Under South Carolina law, a business may incorporate. If it chooses to do so, it is thereafter identified as its own legal entity. As a separate entity from the owners, the business is then considered to be acting on its own when it buys and sells property, assents to contracts and exercises legal rights. A business looking to incorporate in South Carolina must file with the Secretary of State in accordance with established guidelines.

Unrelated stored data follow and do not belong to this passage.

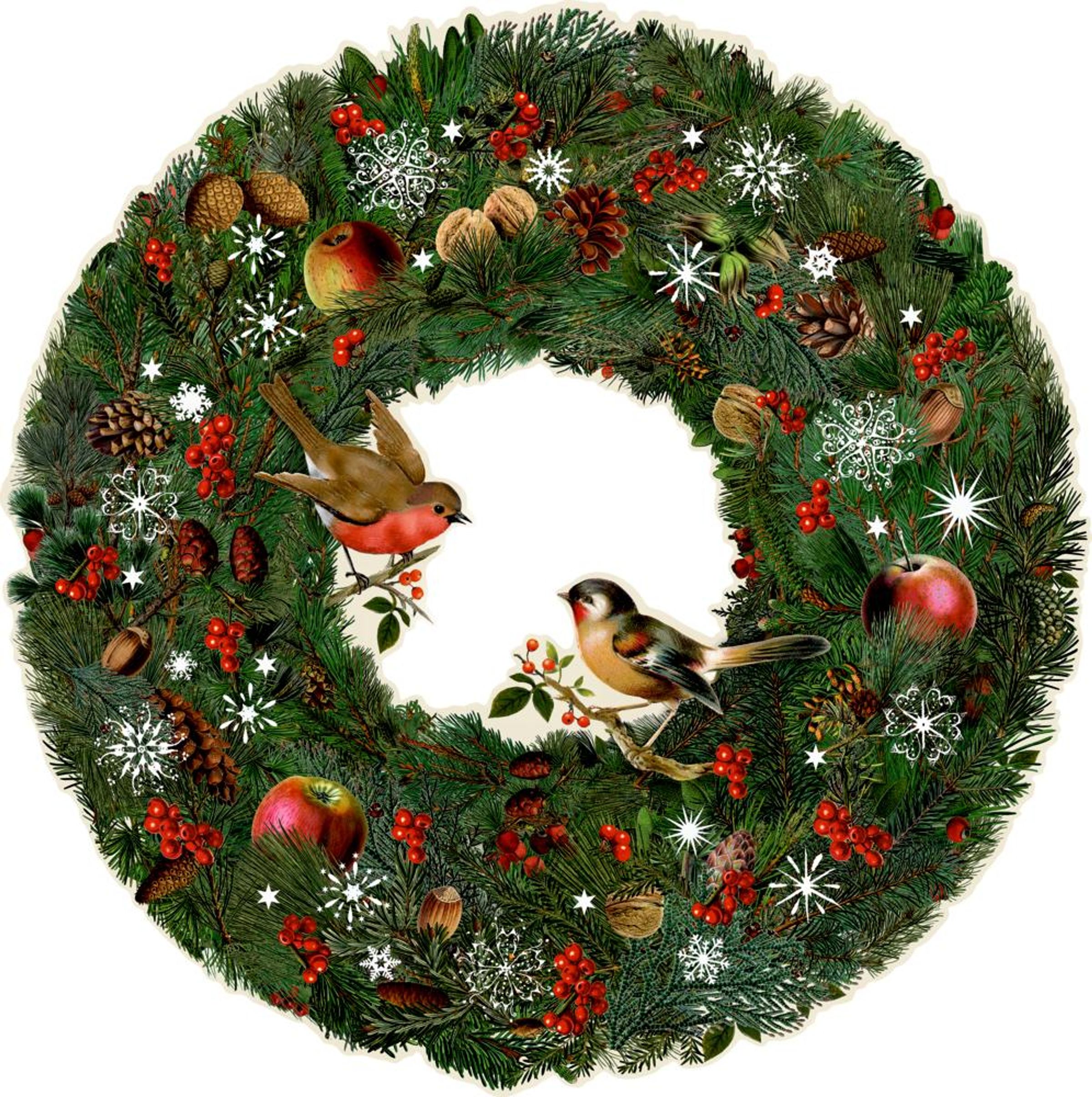 Der nostalgische Weihnachtskranz schmückt jedes Zuhause. Die zauberhafte Naturszene entführt den Betrachter in eine romantische Winterwelt.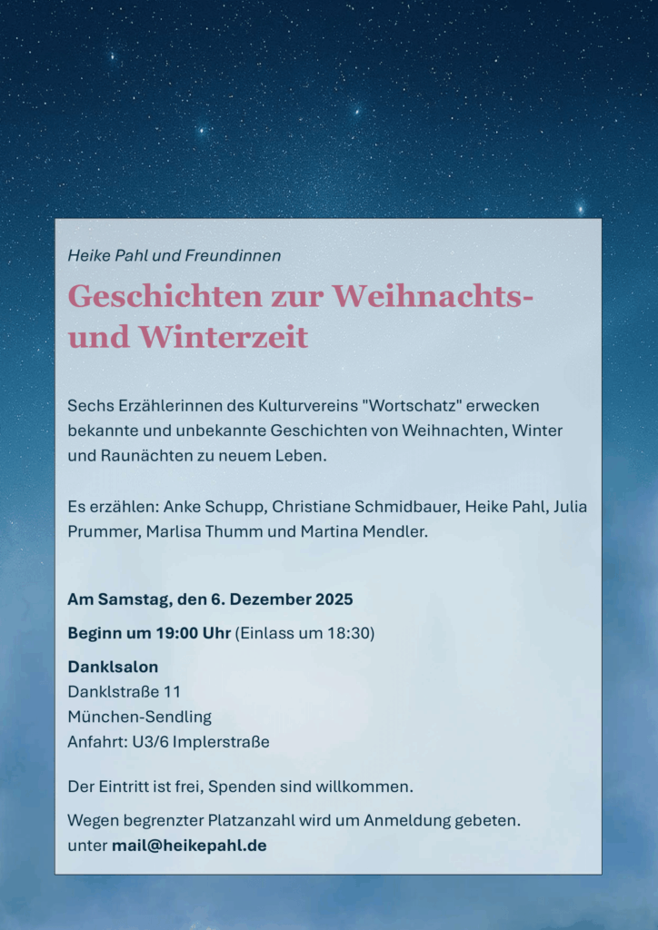 Sechs Erzählerinnen des Kulturvereins „Wortschatz“ erwecken bekannte und unbekannte Geschichten von Weihnachten, Winter und Raunächten zu neuem Leben.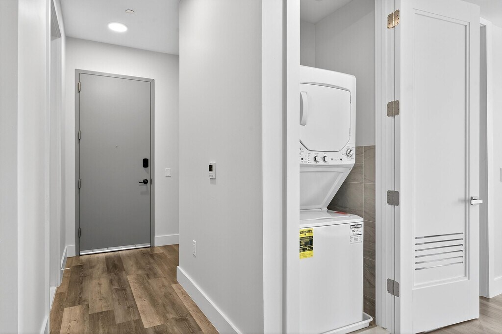 Step into the vibrant life of Hudson Heights with this stunning modern two-bedroom, one-bath apartment that perfectly balances style and convenience. Nestled in a pet-friendly, recently built community, this residence invites you to enjoy top-tier amenities without the extra cost—imagine three scenic rooftop decks, a secure entrance with an elevator, and perks like fitness center. The spacious layout boasts breathtaking views and a sleek interior featuring sleek floors, and a kitchen equipped with white quartz countertops, a chic tile backsplash, and smart fridge. With an in-unit washer and dryer, your day-to-day is made effortlessly smooth. Located just steps away from Leonard Gordon Park, bustling shops, eateries, and quick access to NYC via PATH and local bus stops, this apartment offers the perfect blend of tranquility and city pulse. Parking is available for those who need it, making this an ideal urban sanctuary ready to welcome you home.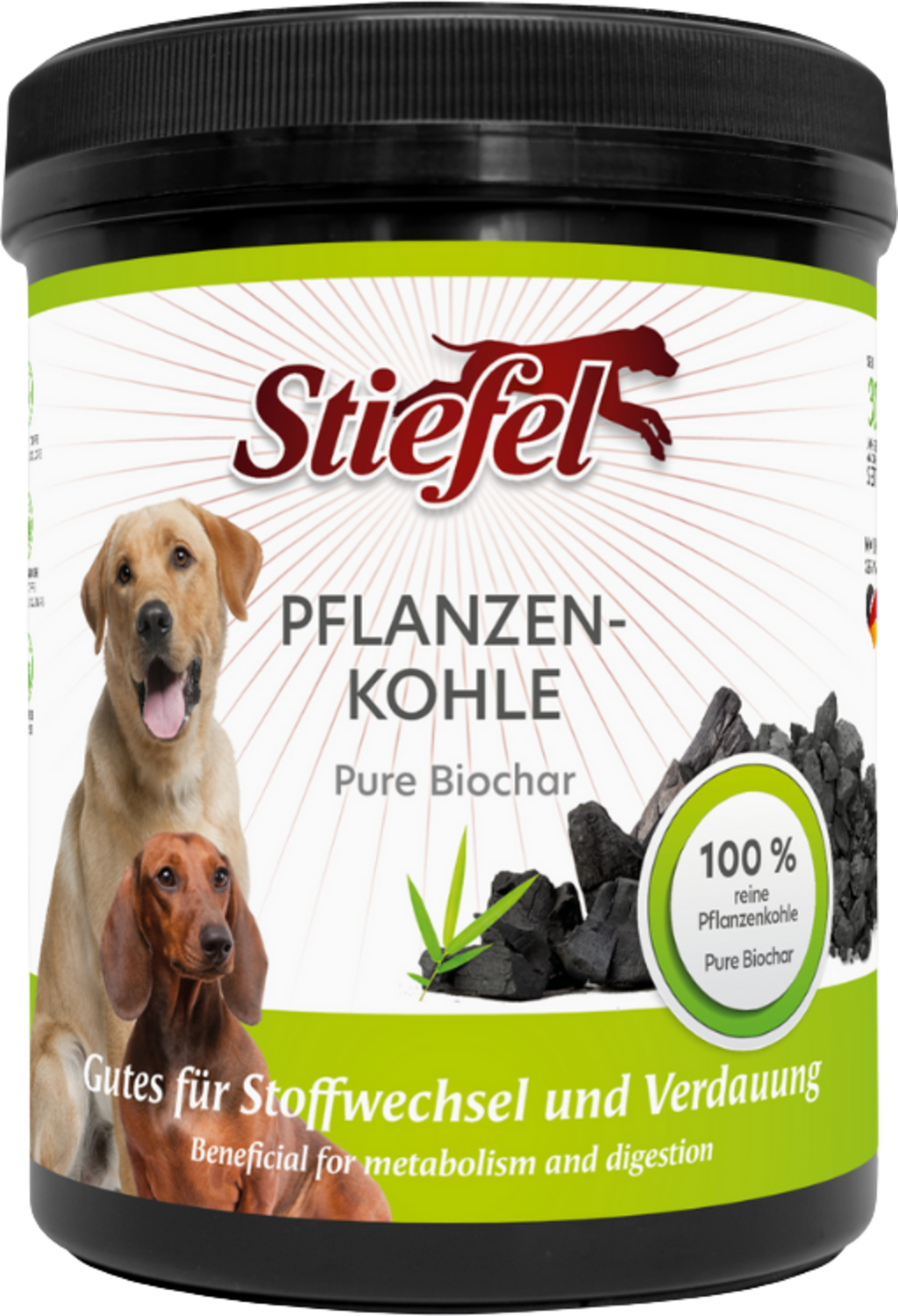 Stiefel Pure Biochar is made from 100% pure plant-based charcoal and can have a positive effect on your dog's digestion. It can support the gastrointestinal tract and promote healthy digestion. It can also support metabolism.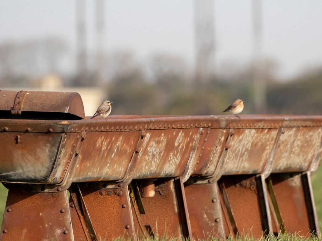 Back home and keen to get up the cliffs, today’s warm southerly wind promised more than it delivered but I was very happy to see my first sub-saharan migrants in the form of 2 Wheatears sat on a feed trough in fields off Reach road.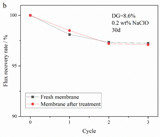 To investigate the influence of an oxidizing agent on membranes post-grafting of PG segments, membranes, including PVDF-g-PEGMA (with a DG of 8.9%) and PVDF-g-PEGMAG with various DG, were immersed in a sodium hypochlorite (NaClO) solution (2 wt.%) for a set duration. The impact on membrane filtration performance was assessed through variations in water flux and bovine serum albumin (BSA) rejection rate over time. Previous reports on the effect of hypochlorite treatment on UF membranes indicated a flux increase in NaClO-treated membranes [12,14]. Specifically, the PVDF-g-PEGMAG membrane with a DG of 8.6% was analyzed to compare its circulation flux before and after a 30-day immersion in NaClO solution. The antifouling efficacy of the membrane was appraised by comparing the FRR before and after the 30-day exposure to oxidation. Figure 10 reveals that, after 30 days of exposure to the oxidizing environment, the water flux through the PVDF-g-PEGMA membrane increased, while its BSA rejection rate dropped below 80%, indicating a significant detriment to its filtration performance due to oxidation. Conversely, the water flux and BSA rejection rates for PVDF-g-PEGMAG membranes with various DG remained largely stable after the 30-day oxidation period. This suggests that the PG segment grafting effectively mitigated the oxidation impact on PEGylated PVDF membranes. Figure 11 displays the antifouling cycle test results for the PVDF-g-PEGMAG membrane with a DG of 8.6%, both before and after undergoing oxidation treatment for 30 days. It is observed that the flux of the membrane post-oxidation closely mirrors the FRR prior to oxidation, maintaining stability across three cycles. This outcome indicates that the antifouling properties of the modified membrane were well-preserved even after 30 days of exposure to oxidizing conditions.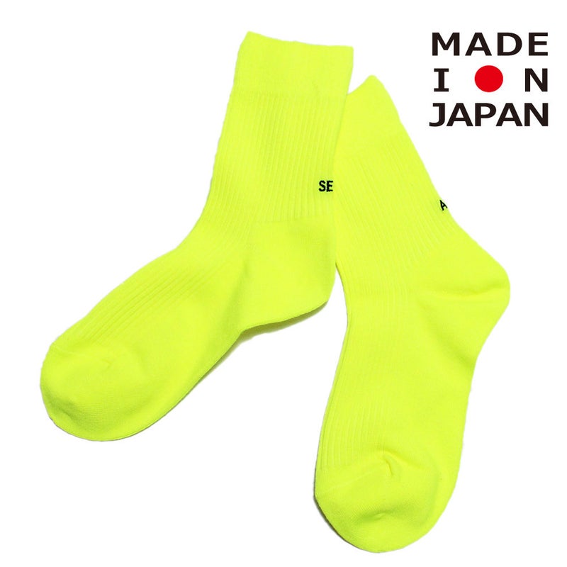 目を惹くネオンカラーのクルー丈のソックス。

Benefits of Incorporation in South Carolina

There are distinct advantages to incorporating a business. Most importantly, liabilities the business accrues may be satisfied only by assets that the owners have specifically invested in it. With unincorporated businesses, personal property of owners can be liquidated in order to fulfill the liabilities of the business. A corporation also allows creditors in the Hilton Head Island area to assess the credit worthiness of the business as a whole rather than that of its owners, allowing the business to get loans more easily. Finally, the ownership stake in a corporation can be apportioned into uniform slices, known as "shares" of stock. This makes it possible to sell ownership investments in more manageable slices.

Costs of Incorporation

Along with a possible fee to apply for incorporation in South Carolina, there are other costs that corporations incur. The most important is that a corporation is taxed as its own entity. The individual incomes of the owners are still taxed also, and this can mean the same income is taxed twice, known as double taxation. With proper planning and assistance from a local Hilton Head Island lawyer, you can avoid this disadvantage.